--- START ---
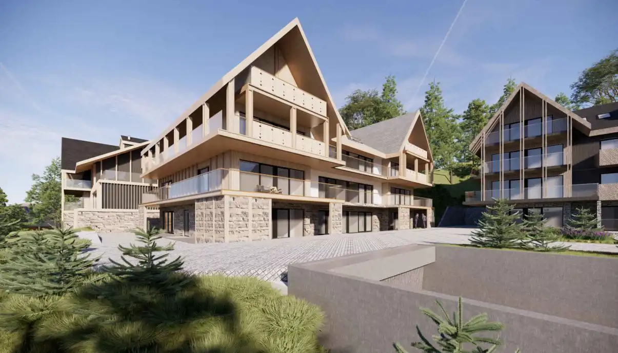 Architektura idealnie wpisuje się w charakter inwestycji. Budynki realizowane są w typowym dla górskich kurortów klimacie. Łączą ze sobą elementy tradycji i nowoczesności. Spadzisty dach, elementy drewna i kamienia na elewacji zestawiono tu ze szklanymi balustradami i nowoczesnymi częściami wspólnymi. Inwestycja swoją formą wzorowo wpisuje się w otaczającą ją przyrodę dając jej wciąż odgrywać pierwszą rolę w tym wyjątkowym miejscu.
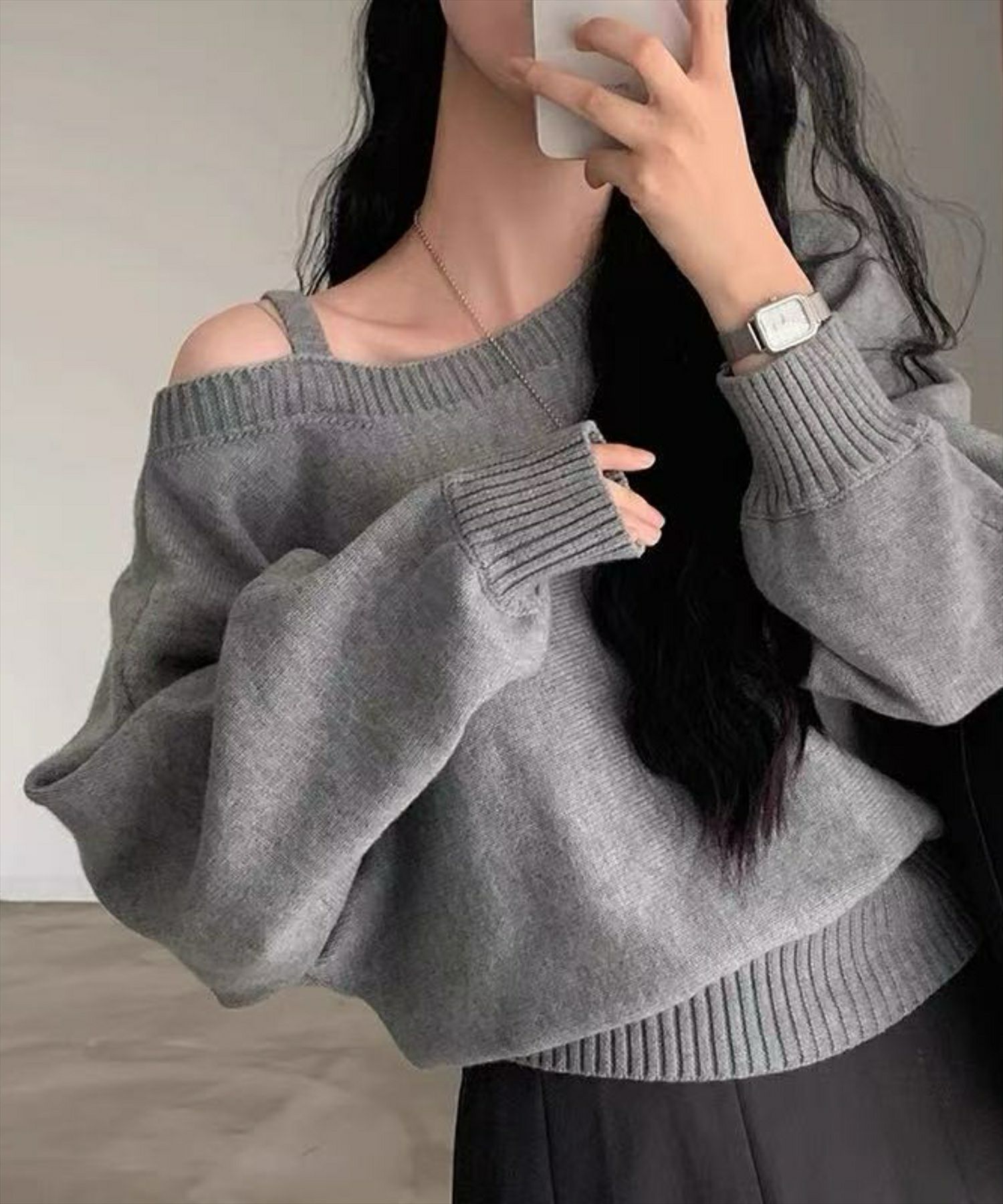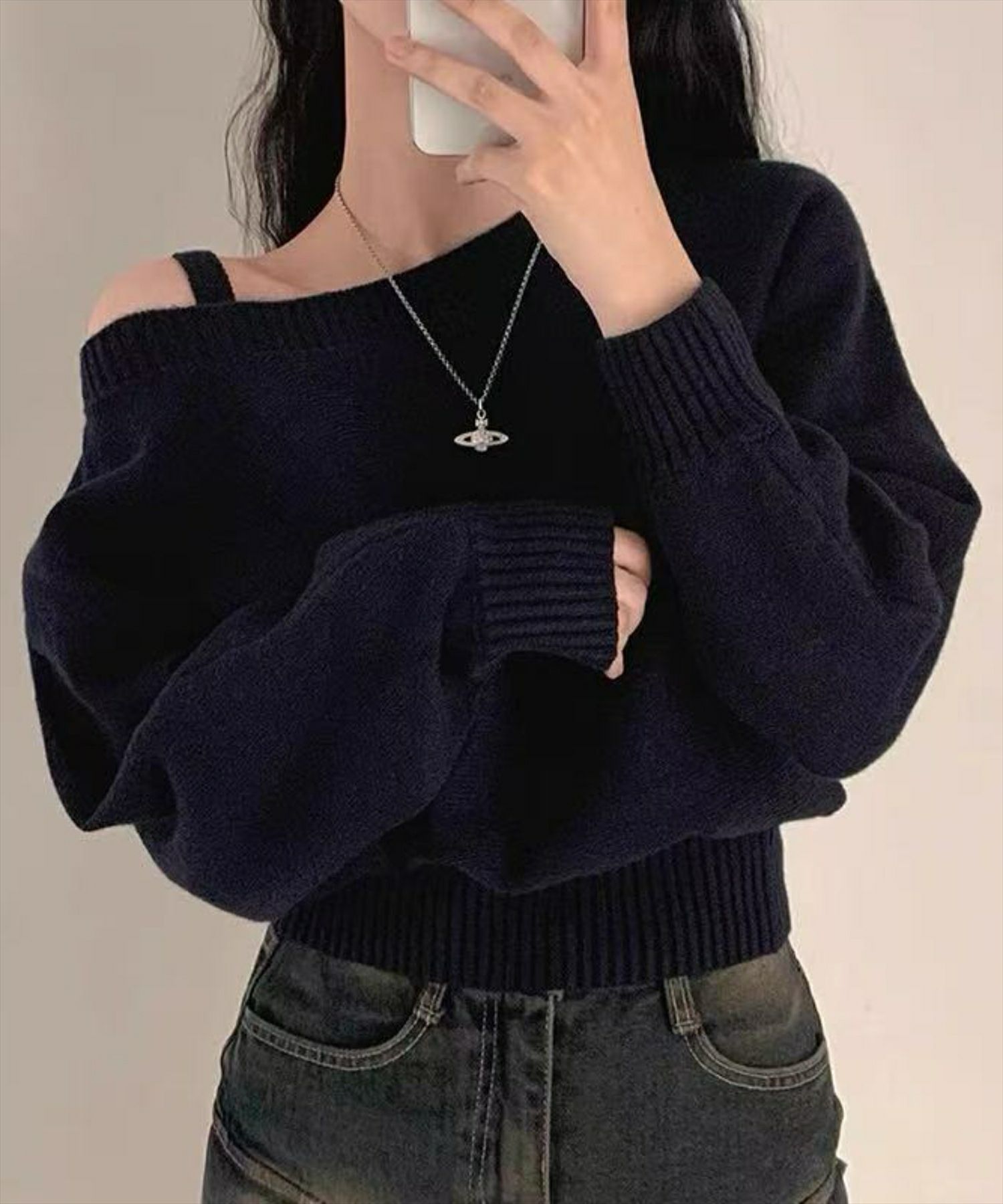 ワンショルダーで魅せる大人の魅力!ワンショルダーニットトップス
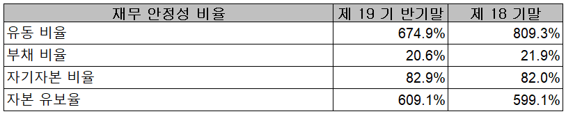 2021년 상반기 말 기준 재무안정성 비율에서는 유동비율 674.9%, 부채비율 20.6%, 자기자본비율 82.9%, 자본유보율 609.1%를 기록하면서 전반적으로 양호한 재무상태를 유지하고 있습니다.
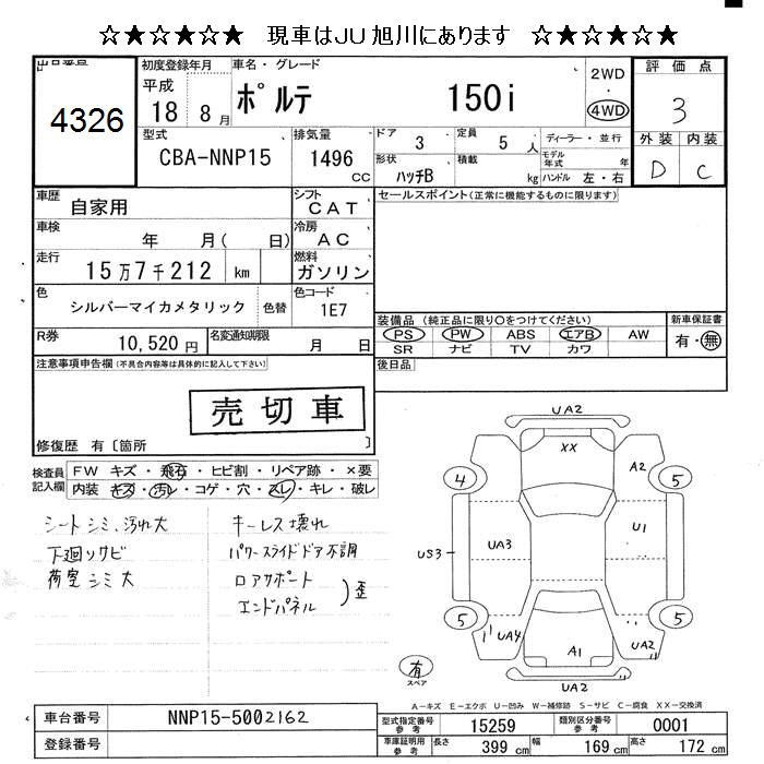 TOYOTA PORTE 4WD 150i - лот 4326
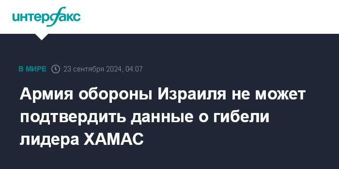 Москва. 23 сентября. INTERFAX.RU - Армия обороны Израиля заявила, что не может ни подтвердить, ни опровергнуть сообщения о возможной смерти главы политбюро палестинского движения ХАМАС Яхья Синвара, сообщает The Jerusalem Post.
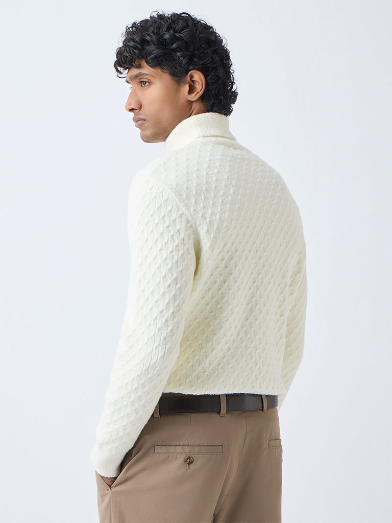 Ascot introduces a cream sweater that blends winter comfort with effortless elegance. Crafted in a relaxed fit from a premium warmth fabric, it features a snug turtle neck and a cable-knit pattern that adds depth and texture. A go-to layering staple for crisp commutes and easy weekend lounging alike.
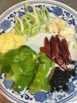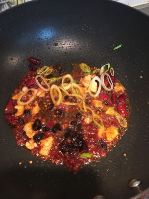 底油,依次顺序:姜蒜、干红辣椒、豆瓣酱炒至红油、豆豉及葱花,翻炒片刻
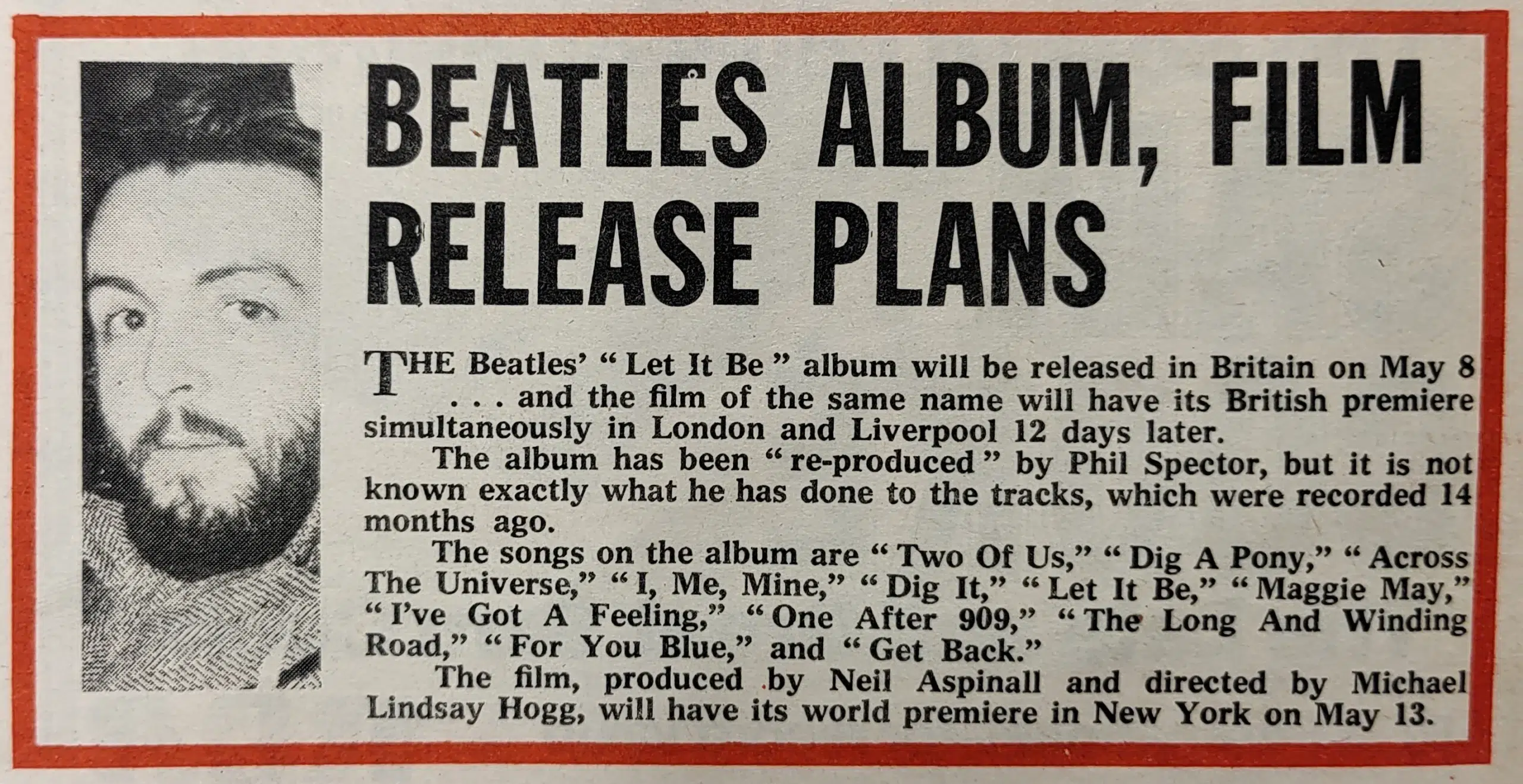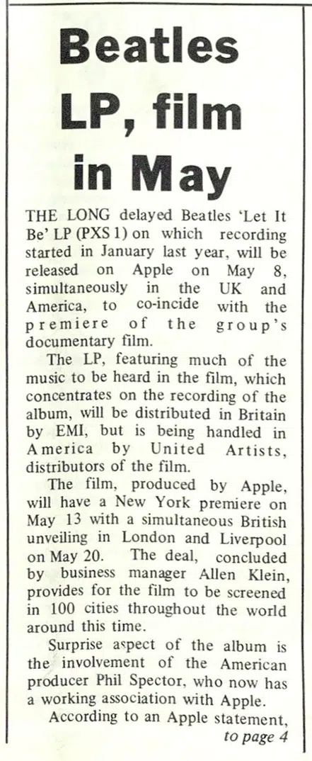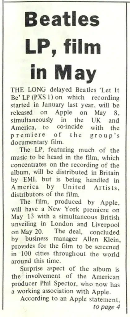 THE LONG delayed Beatles ‘Let It Be’ LP (PXS 1) on which recording started in January last year, will be released on Apple on May 8, simultaneously in the UK and America, to co-incide with the premiere of the group’s documentary film.
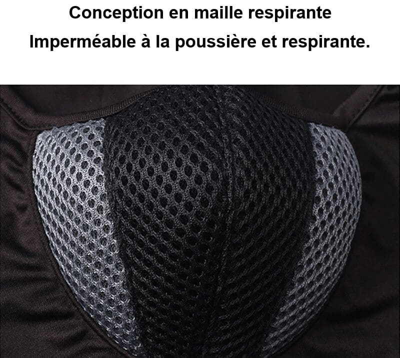 - Confort optimal : Anti-transpirant, Anti-UV, Coupe-vent, Anti-poussière
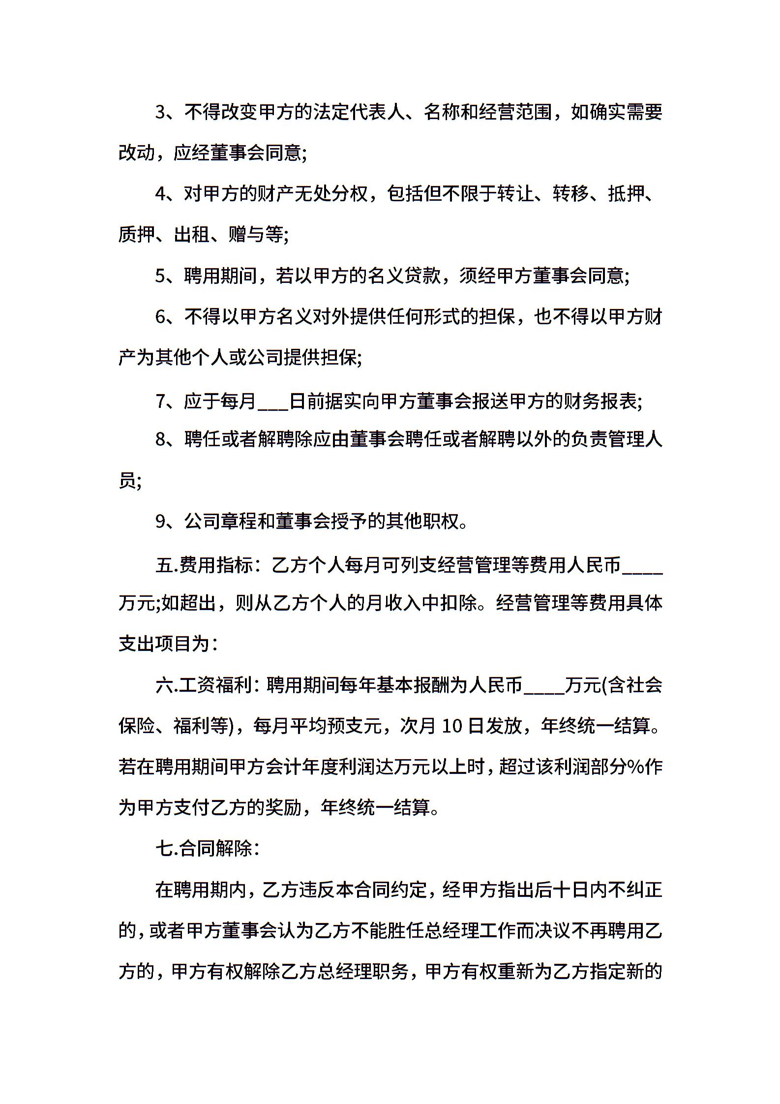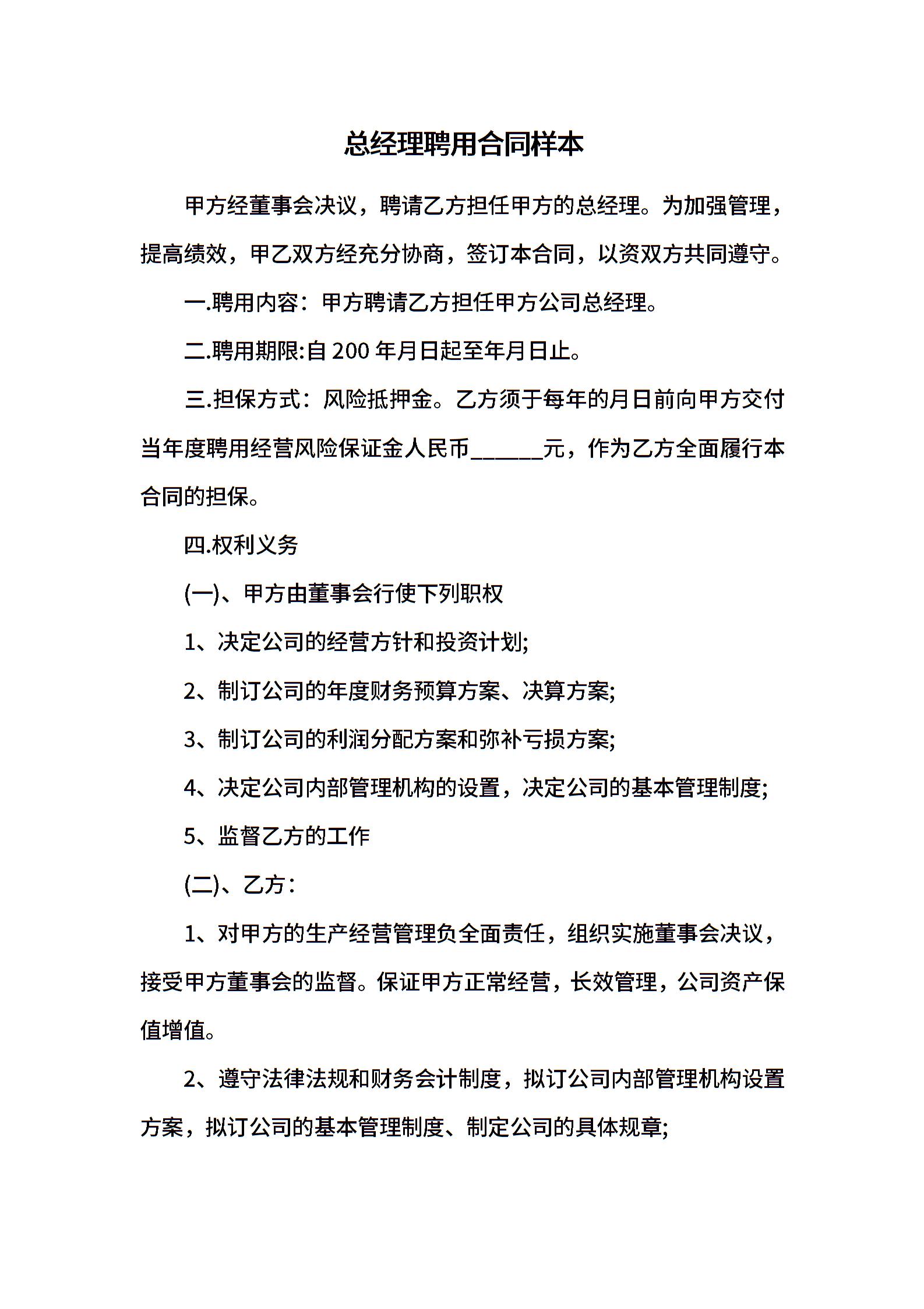 总经理聘用合同样本
--- END ---
(WHAT THIS TASK INVOLVES): Copy each entry exactly, with no pictures.

(EXERCISE ANSWER):
 Architektura idealnie wpisuje się w charakter inwestycji. Budynki realizowane są w typowym dla górskich kurortów klimacie. Łączą ze sobą elementy tradycji i nowoczesności. Spadzisty dach, elementy drewna i kamienia na elewacji zestawiono tu ze szklanymi balustradami i nowoczesnymi częściami wspólnymi. Inwestycja swoją formą wzorowo wpisuje się w otaczającą ją przyrodę dając jej wciąż odgrywać pierwszą rolę w tym wyjątkowym miejscu.
 ワンショルダーで魅せる大人の魅力!ワンショルダーニットトップス
 2021년 상반기 말 기준 재무안정성 비율에서는 유동비율 674.9%, 부채비율 20.6%, 자기자본비율 82.9%, 자본유보율 609.1%를 기록하면서 전반적으로 양호한 재무상태를 유지하고 있습니다.
 TOYOTA PORTE 4WD 150i - лот 4326
 Москва. 23 сентября. INTERFAX.RU - Армия обороны Израиля заявила, что не может ни подтвердить, ни опровергнуть сообщения о возможной смерти главы политбюро палестинского движения ХАМАС Яхья Синвара, сообщает The Jerusalem Post.
 Ascot introduces a cream sweater that blends winter comfort with effortless elegance. Crafted in a relaxed fit from a premium warmth fabric, it features a snug turtle neck and a cable-knit pattern that adds depth and texture. A go-to layering staple for crisp commutes and easy weekend lounging alike.
 底油,依次顺序:姜蒜、干红辣椒、豆瓣酱炒至红油、豆豉及葱花,翻炒片刻
 THE LONG delayed Beatles ‘Let It Be’ LP (PXS 1) on which recording started in January last year, will be released on Apple on May 8, simultaneously in the UK and America, to co-incide with the premiere of the group’s documentary film.
 - Confort optimal : Anti-transpirant, Anti-UV, Coupe-vent, Anti-poussière
 总经理聘用合同样本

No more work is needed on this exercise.